Could you write out every record below exactly, leaving the pictures out?

● Stored dataset items:
━━━━━━━━
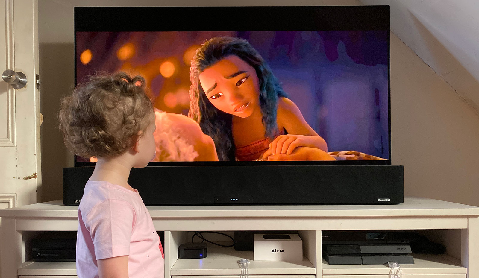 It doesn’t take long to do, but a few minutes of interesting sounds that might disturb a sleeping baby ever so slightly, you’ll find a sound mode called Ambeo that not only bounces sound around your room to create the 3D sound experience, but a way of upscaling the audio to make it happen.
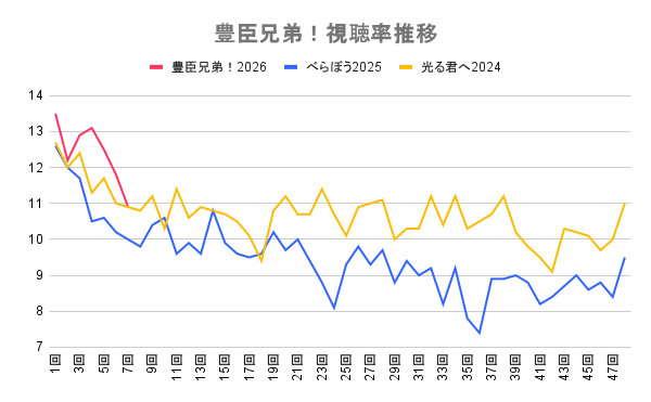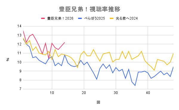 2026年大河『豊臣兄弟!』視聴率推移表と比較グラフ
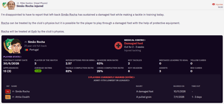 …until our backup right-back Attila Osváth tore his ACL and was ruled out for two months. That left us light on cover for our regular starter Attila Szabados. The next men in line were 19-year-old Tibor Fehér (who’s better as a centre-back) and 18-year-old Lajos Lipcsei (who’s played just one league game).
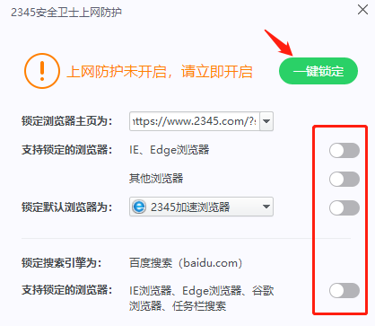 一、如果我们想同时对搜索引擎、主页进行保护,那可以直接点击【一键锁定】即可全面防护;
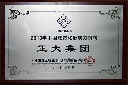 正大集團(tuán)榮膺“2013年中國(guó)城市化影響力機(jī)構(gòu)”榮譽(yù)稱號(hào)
━━━━━━━━
● Answer to the exercise:
 It doesn’t take long to do, but a few minutes of interesting sounds that might disturb a sleeping baby ever so slightly, you’ll find a sound mode called Ambeo that not only bounces sound around your room to create the 3D sound experience, but a way of upscaling the audio to make it happen.
 2026年大河『豊臣兄弟!』視聴率推移表と比較グラフ
 …until our backup right-back Attila Osváth tore his ACL and was ruled out for two months. That left us light on cover for our regular starter Attila Szabados. The next men in line were 19-year-old Tibor Fehér (who’s better as a centre-back) and 18-year-old Lajos Lipcsei (who’s played just one league game).
 一、如果我们想同时对搜索引擎、主页进行保护,那可以直接点击【一键锁定】即可全面防护;
 正大集團(tuán)榮膺“2013年中國(guó)城市化影響力機(jī)構(gòu)”榮譽(yù)稱號(hào)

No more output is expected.